_Data listing_:
------------------------------------
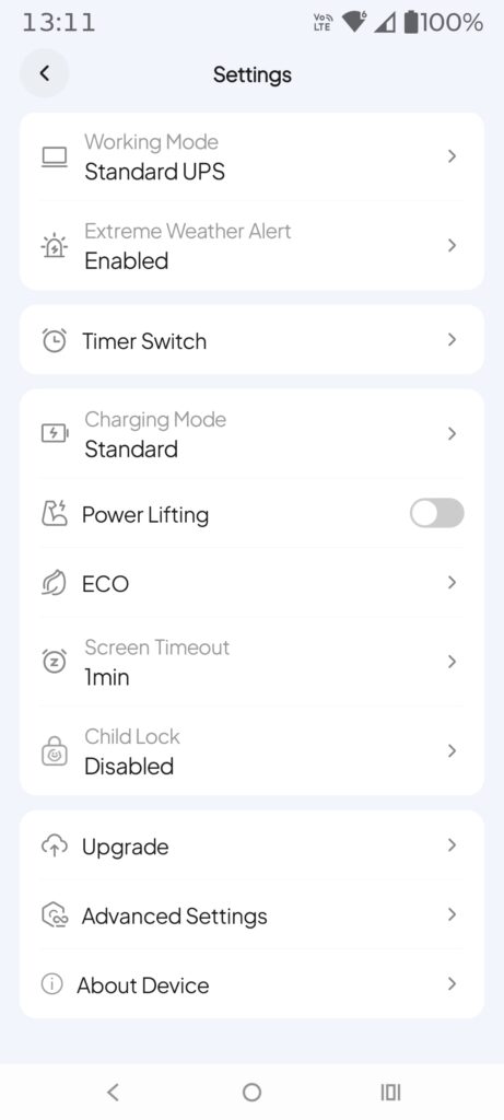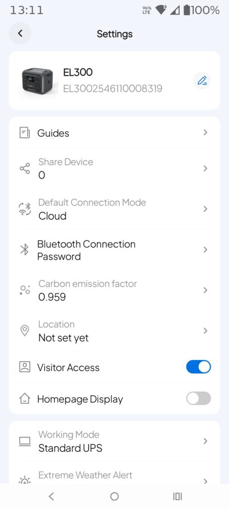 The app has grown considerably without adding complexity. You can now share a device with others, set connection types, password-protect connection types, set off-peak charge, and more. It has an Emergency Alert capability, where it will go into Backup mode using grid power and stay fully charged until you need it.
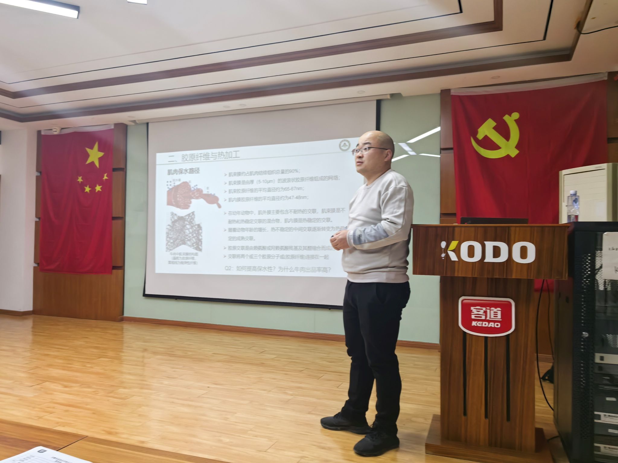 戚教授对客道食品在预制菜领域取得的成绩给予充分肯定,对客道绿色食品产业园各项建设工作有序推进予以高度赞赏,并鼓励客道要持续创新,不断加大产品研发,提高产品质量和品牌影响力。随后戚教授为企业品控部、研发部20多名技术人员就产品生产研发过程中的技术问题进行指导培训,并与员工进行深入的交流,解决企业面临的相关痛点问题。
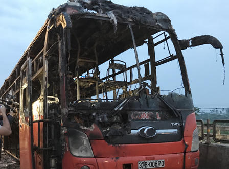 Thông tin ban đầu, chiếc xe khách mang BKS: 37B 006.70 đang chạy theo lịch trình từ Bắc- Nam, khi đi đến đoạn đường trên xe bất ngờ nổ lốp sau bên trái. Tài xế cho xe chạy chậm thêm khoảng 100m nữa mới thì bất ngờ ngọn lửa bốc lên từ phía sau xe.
------------------------------------
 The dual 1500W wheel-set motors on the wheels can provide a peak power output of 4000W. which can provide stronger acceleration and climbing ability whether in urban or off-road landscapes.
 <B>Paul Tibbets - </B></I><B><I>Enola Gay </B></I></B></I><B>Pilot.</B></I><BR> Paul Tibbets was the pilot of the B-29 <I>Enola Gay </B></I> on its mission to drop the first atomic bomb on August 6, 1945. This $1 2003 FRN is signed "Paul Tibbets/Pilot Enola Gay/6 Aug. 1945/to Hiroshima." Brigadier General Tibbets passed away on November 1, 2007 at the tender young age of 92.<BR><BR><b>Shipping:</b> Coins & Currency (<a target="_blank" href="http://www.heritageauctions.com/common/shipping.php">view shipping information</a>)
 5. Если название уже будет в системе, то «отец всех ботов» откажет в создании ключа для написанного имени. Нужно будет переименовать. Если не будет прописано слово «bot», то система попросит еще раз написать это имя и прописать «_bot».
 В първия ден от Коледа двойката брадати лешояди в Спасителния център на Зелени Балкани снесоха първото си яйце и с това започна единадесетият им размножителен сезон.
------------------------------------
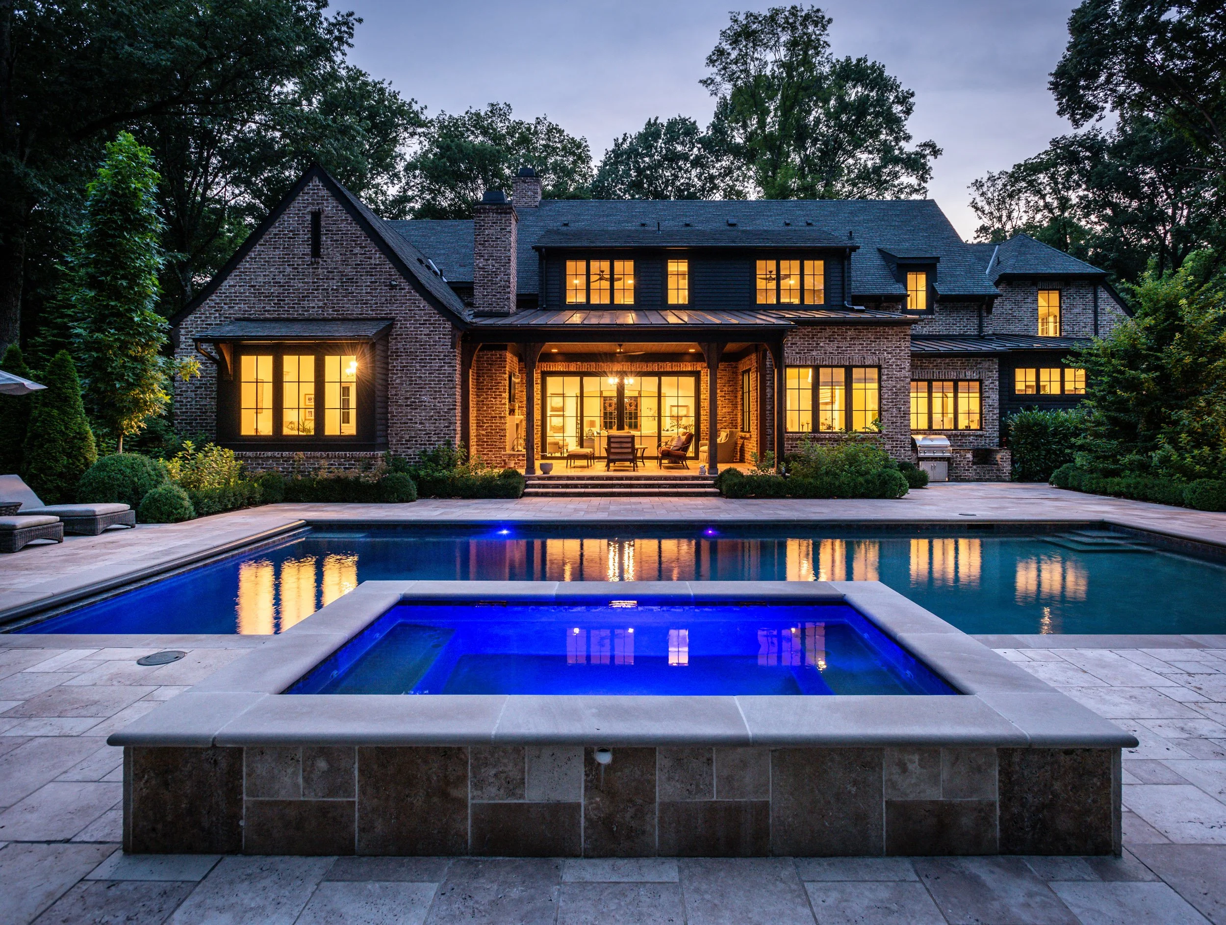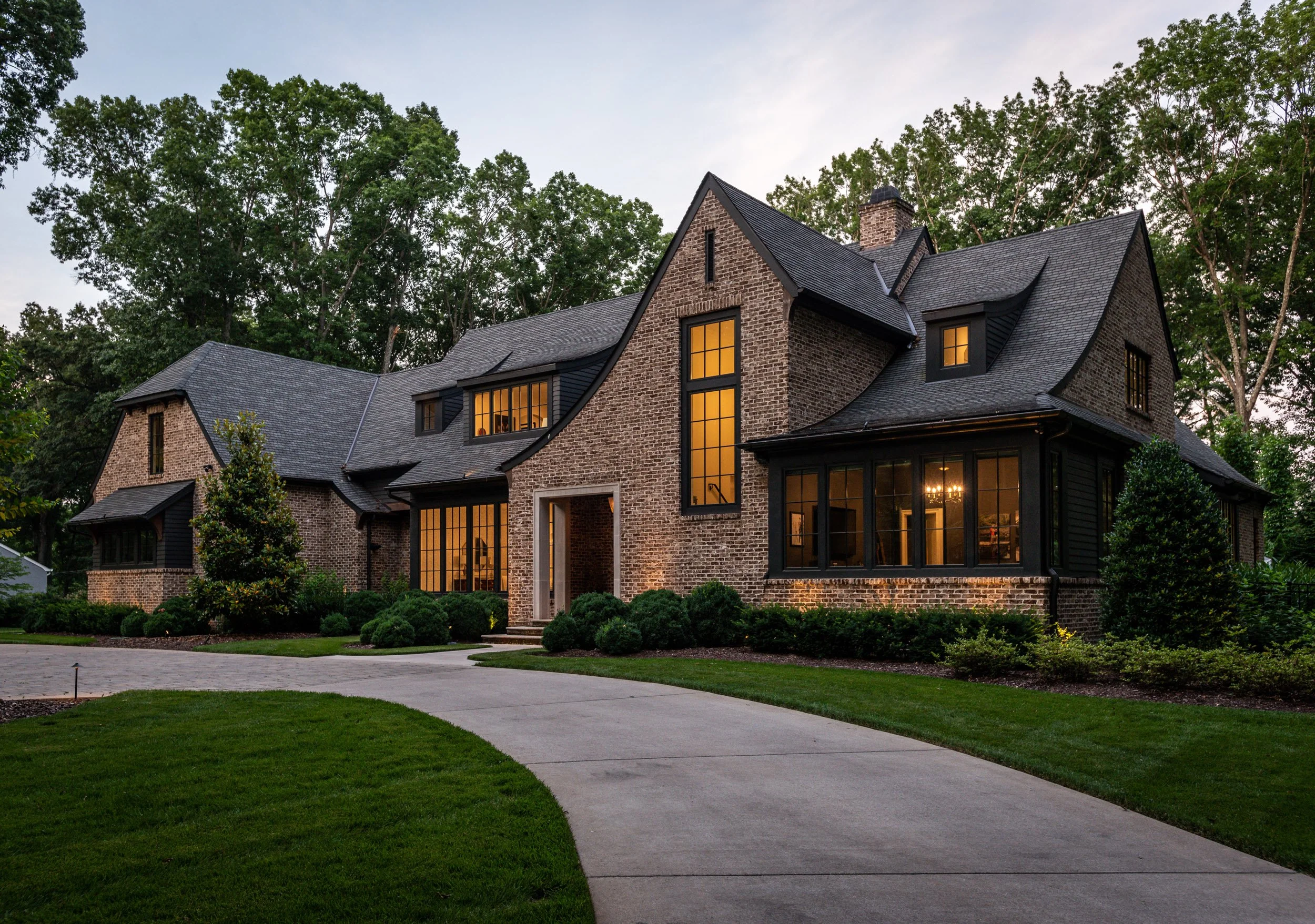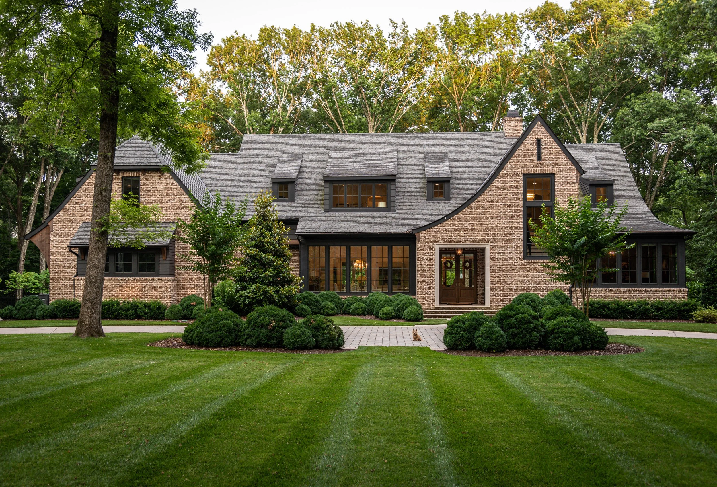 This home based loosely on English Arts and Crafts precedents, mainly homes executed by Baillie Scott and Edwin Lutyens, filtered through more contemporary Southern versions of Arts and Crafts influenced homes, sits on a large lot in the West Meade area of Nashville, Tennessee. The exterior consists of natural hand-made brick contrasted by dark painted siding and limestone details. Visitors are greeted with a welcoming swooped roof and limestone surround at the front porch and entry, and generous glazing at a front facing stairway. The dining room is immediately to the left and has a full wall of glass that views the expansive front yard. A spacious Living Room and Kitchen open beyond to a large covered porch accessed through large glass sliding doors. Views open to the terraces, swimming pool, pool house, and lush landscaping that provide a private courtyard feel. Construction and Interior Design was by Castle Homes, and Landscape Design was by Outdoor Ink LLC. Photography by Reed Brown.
------------------------------------
_What is expected_:
An exact copy of the lines above, from the one containing "5. Если название" down to the one containing "В първия ден" and including both, is the whole answer; retype it and nothing else.

_Solution to the problem_:
 5. Если название уже будет в системе, то «отец всех ботов» откажет в создании ключа для написанного имени. Нужно будет переименовать. Если не будет прописано слово «bot», то система попросит еще раз написать это имя и прописать «_bot».
 В първия ден от Коледа двойката брадати лешояди в Спасителния център на Зелени Балкани снесоха първото си яйце и с това започна единадесетият им размножителен сезон.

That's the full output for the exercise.